-- PROBLEM DESCRIPTION --
Exactly the lines from the beginning of the records below through the line with "7.9mm黑色边框 可拼接使用 |" must be given again, without pictures.

-- RECORDS FOR THE EXERCISE --
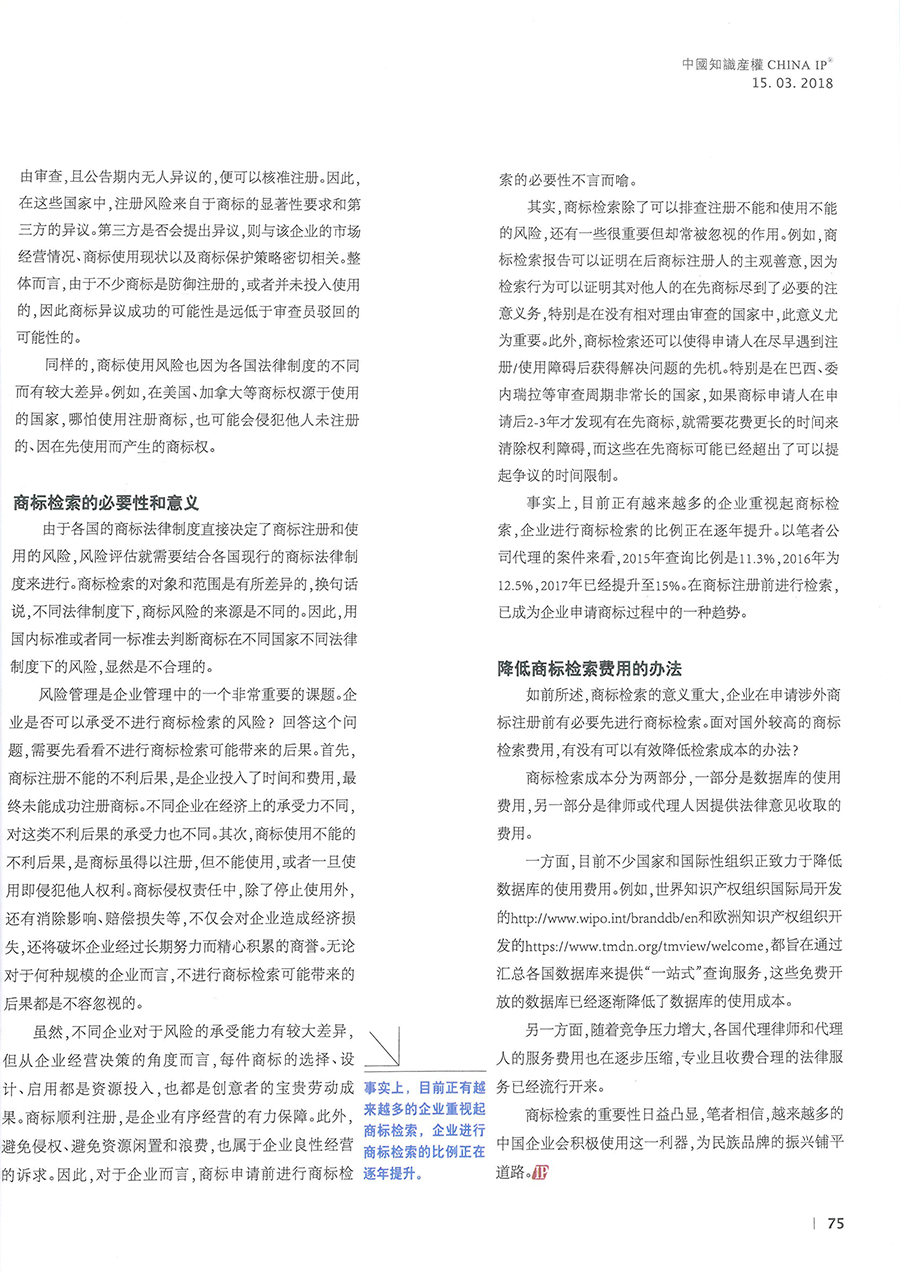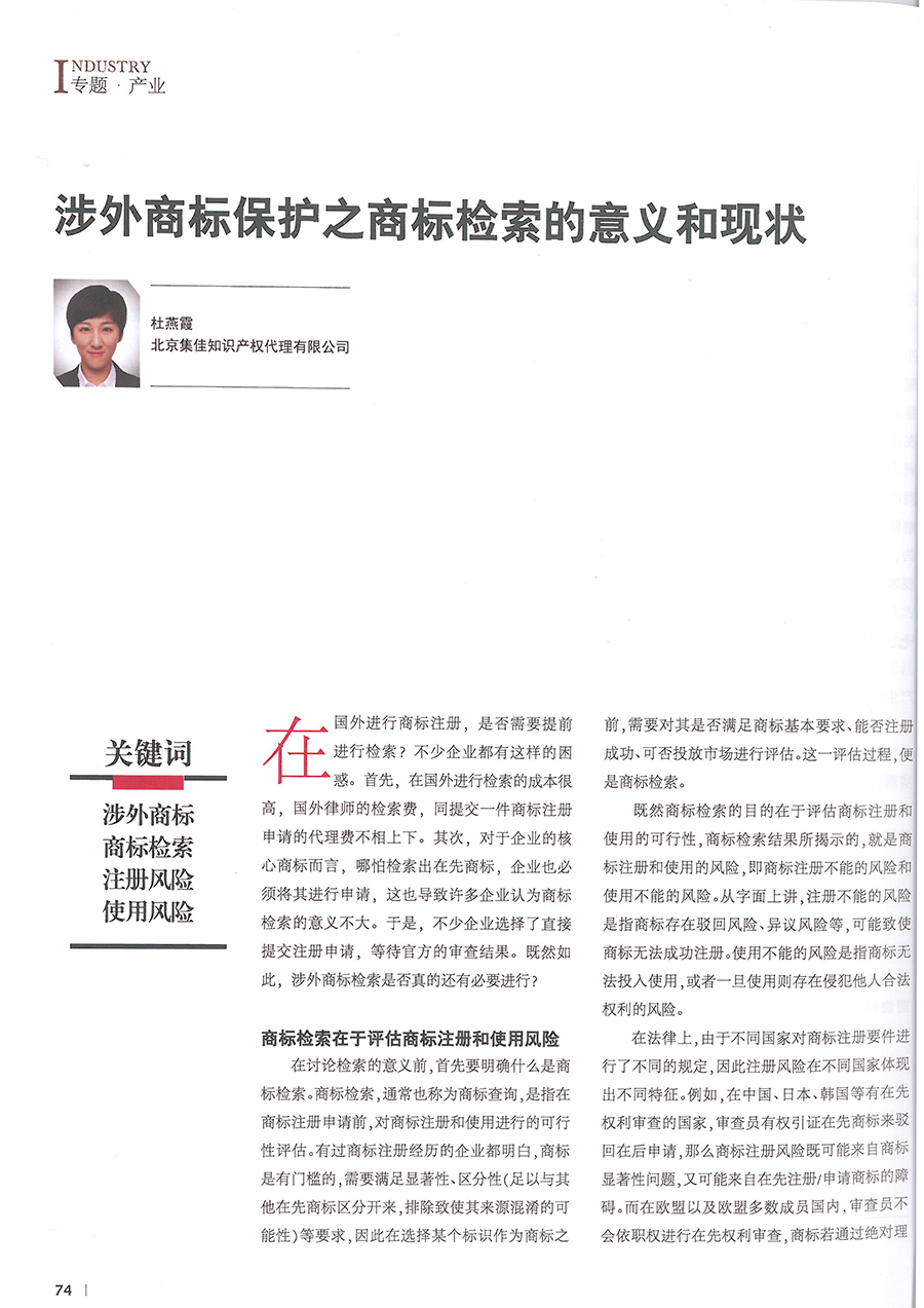 集佳文章《涉外商標(biāo)保護(hù)之商標(biāo)檢索的意義和現(xiàn)狀》在《中國知識(shí)產(chǎn)權(quán)》發(fā)表
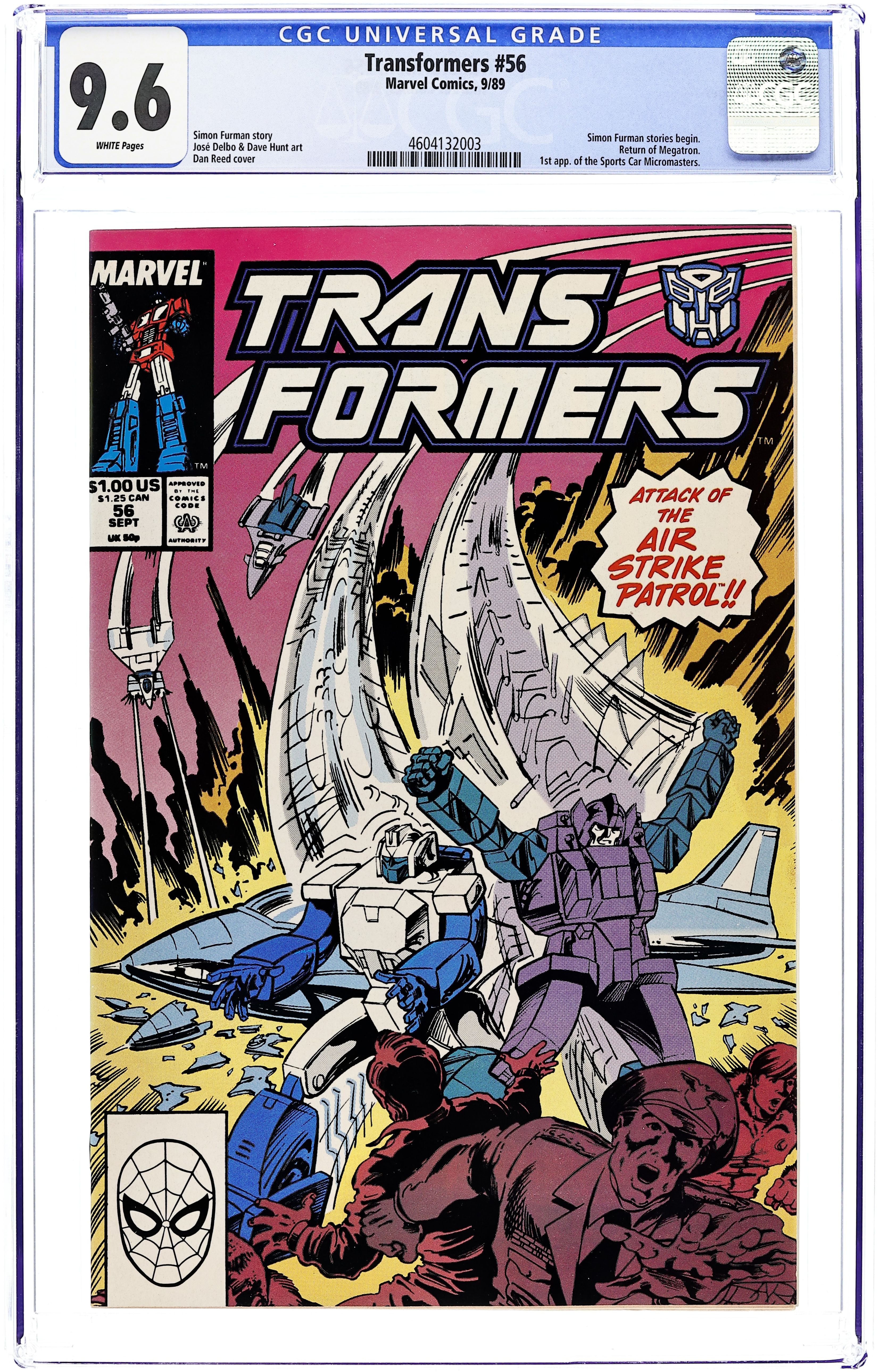 Direct Edition. While Ratchet, the Autobots chief surgeon, is haunted by his failed attempts to save injured and broken Autobots, the Decepticons Air Strike Patrol strikes at and takes over an air force base and its Optimus Prime and company to the rescue in Back from the Dead. Script by Simon Furman and art by Jose Delbo & Dave Hunt. Issue also has profile pages on Battletrap, Blot, and Cutthroat Decepticons and Goldbug, Rollbar, and Wide Load Autobots. Cover price $1.00.
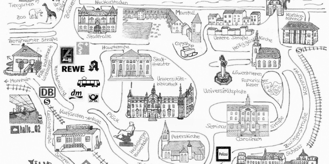 Hier lernt ihr die wichtigsten Orten in Heidelberg kennen. Wenn ihr mehr über den Heidelberger Zuckerladen, die Breidenbachstudios oder die Untere Straße erfahren wollt, dann einfach die Maus draufhalten!
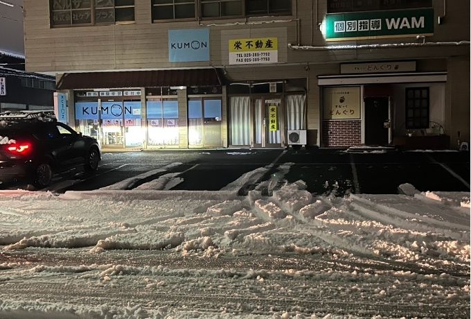 今回の除雪工事は、新潟県東区太平にある公文式太平教室様にて、駐車場入り口前の道路部分を中心に対応しました。
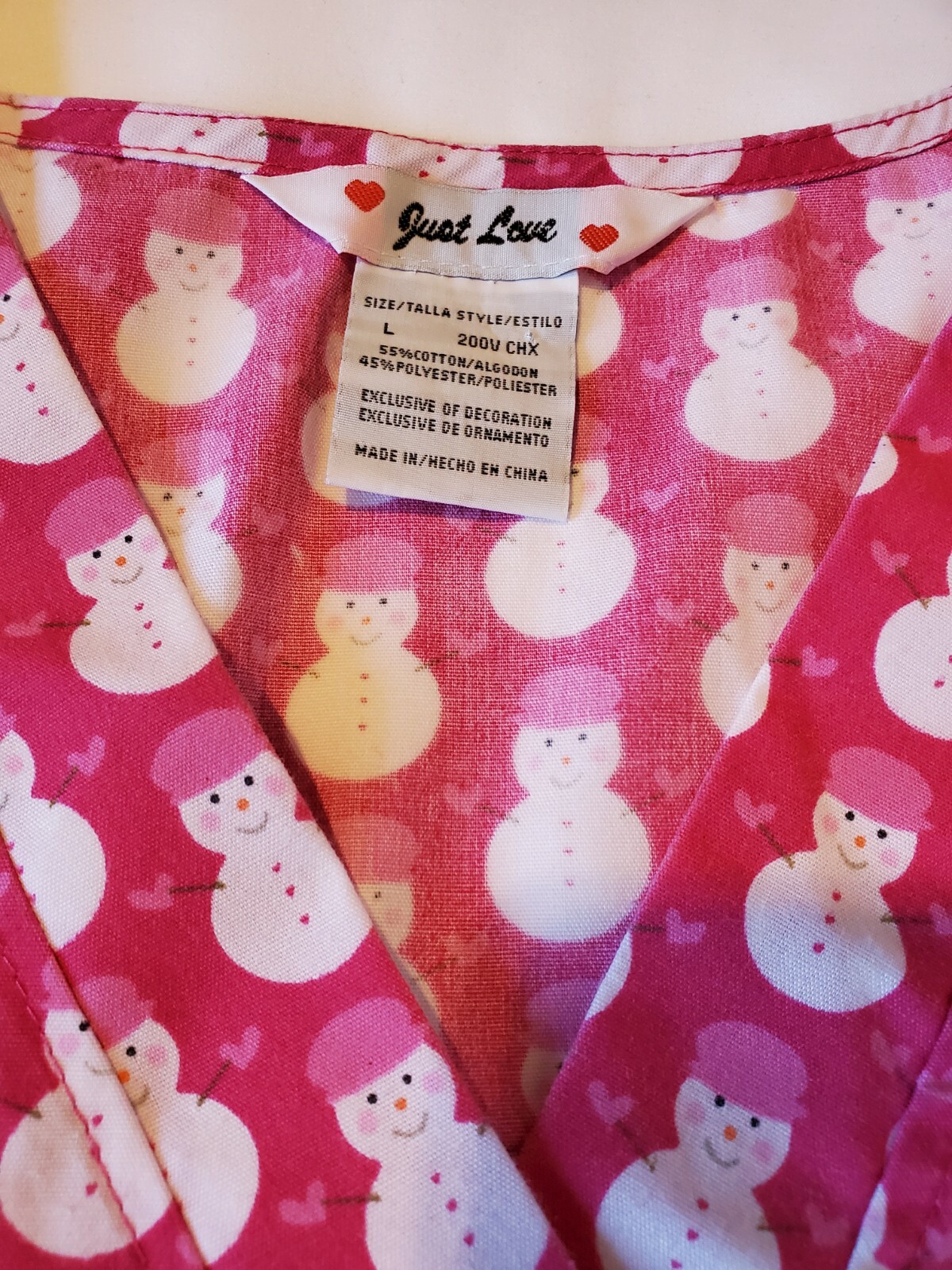 Just Love Scrub Top Women's Large Pink Snowman Winter Christmas
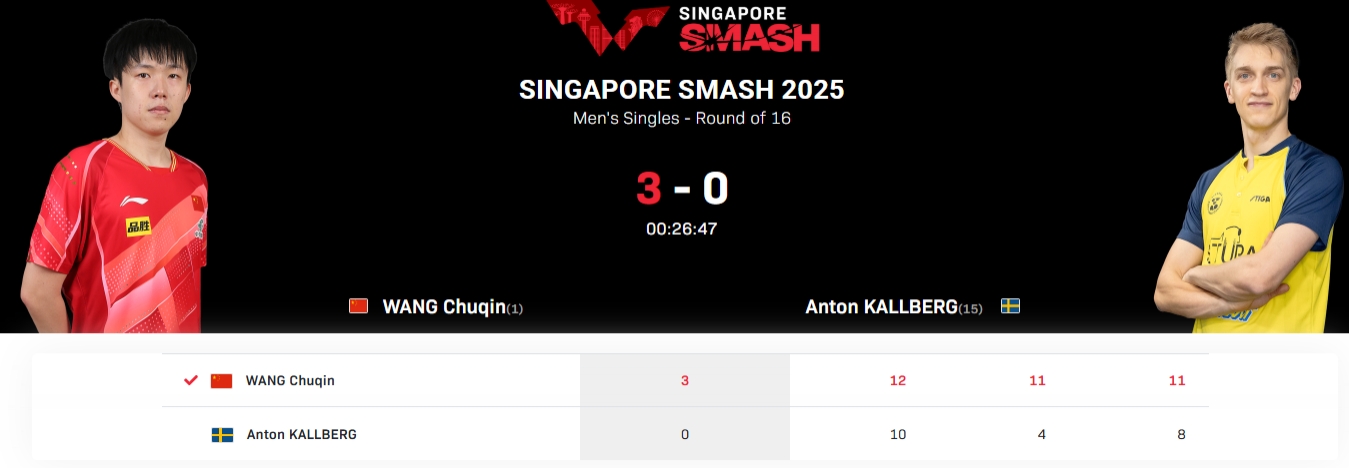 直播吧02月06日讯 2025年WTT新加坡大满贯16强战,王楚钦3-0战胜瑞典选手卡尔伯格,挺进男单8强。
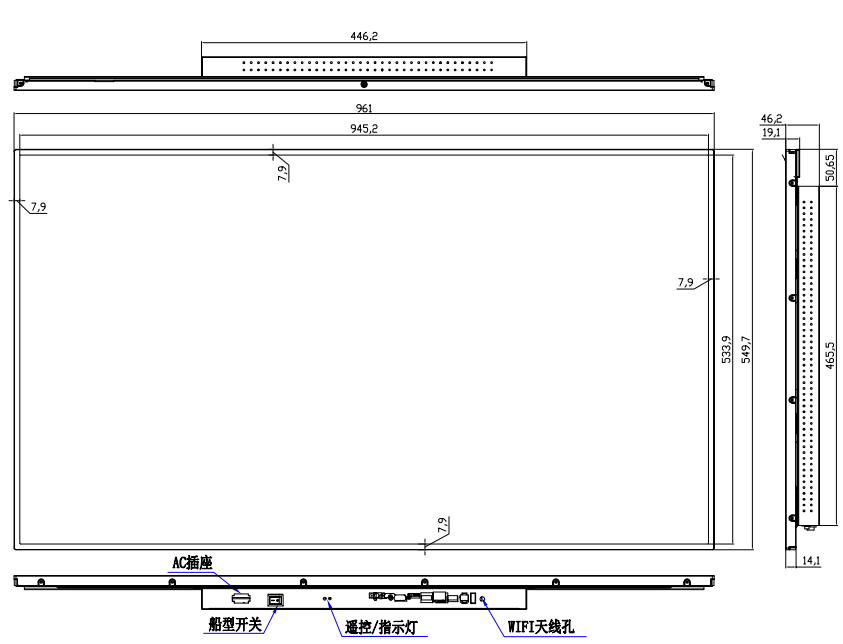 | 关键描述: | 43寸窄边框显示屏 7.9mm黑色边框 可拼接使用 |
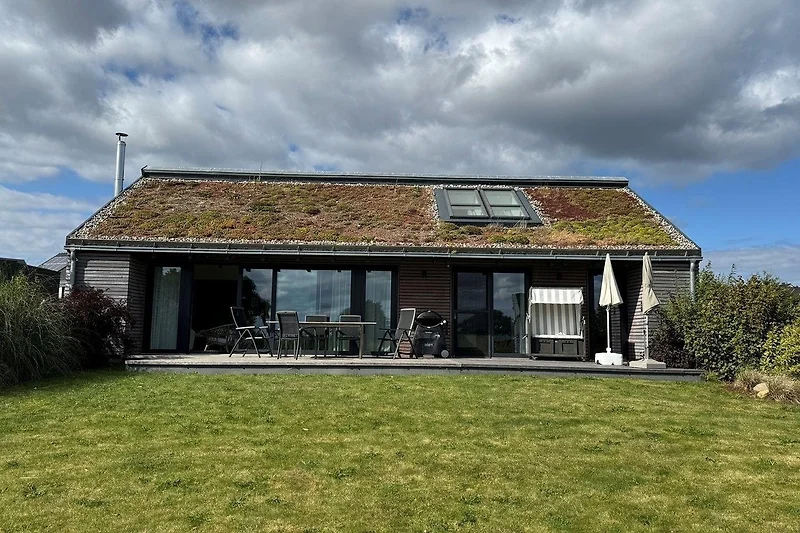 Im Ferienhaus Seeschwalbe erwartet die Besucher ein attraktiver Aussenbereich, der sowohl Entspannung als auch Freizeitmöglichkeiten bietet. Der grosszügige Garten mit Terrasse und Liegewiese lädt zum Grillen, Relaxen und Verweilen im Freien ein. Hier können die Gäste die ruhige Atmosphäre geniessen und den Blick auf das angrenzende Naturschutzgebiet werfen. Zudem ist der Bereich ideal für gesellige Zusammenkünfte oder entspannte Stunden im Freien. Obwohl das Ferienhaus erst 2019 erbaut wurde und in einem neu gestalteten Wohn-/Feriengebiet liegt, ist der Aussenbereich gemeinschaftlich nutzbar, was eine freundliche Nachbarschaft fördert und das Urlaubsgefühl verstärkt. Die Lage ist zudem hervorragend, nur ca. 1000 Meter vom Sandstrand entfernt, sodass der perfekte Tagesausflug zum Meer jederzeit möglich ist.

-- SOLUTION TO THE EXERCISE --
 集佳文章《涉外商標(biāo)保護(hù)之商標(biāo)檢索的意義和現(xiàn)狀》在《中國知識(shí)產(chǎn)權(quán)》發(fā)表
 Direct Edition. While Ratchet, the Autobots chief surgeon, is haunted by his failed attempts to save injured and broken Autobots, the Decepticons Air Strike Patrol strikes at and takes over an air force base and its Optimus Prime and company to the rescue in Back from the Dead. Script by Simon Furman and art by Jose Delbo & Dave Hunt. Issue also has profile pages on Battletrap, Blot, and Cutthroat Decepticons and Goldbug, Rollbar, and Wide Load Autobots. Cover price $1.00.
 Hier lernt ihr die wichtigsten Orten in Heidelberg kennen. Wenn ihr mehr über den Heidelberger Zuckerladen, die Breidenbachstudios oder die Untere Straße erfahren wollt, dann einfach die Maus draufhalten!
 今回の除雪工事は、新潟県東区太平にある公文式太平教室様にて、駐車場入り口前の道路部分を中心に対応しました。
 Just Love Scrub Top Women's Large Pink Snowman Winter Christmas
 直播吧02月06日讯 2025年WTT新加坡大满贯16强战,王楚钦3-0战胜瑞典选手卡尔伯格,挺进男单8强。
 | 关键描述: | 43寸窄边框显示屏 7.9mm黑色边框 可拼接使用 |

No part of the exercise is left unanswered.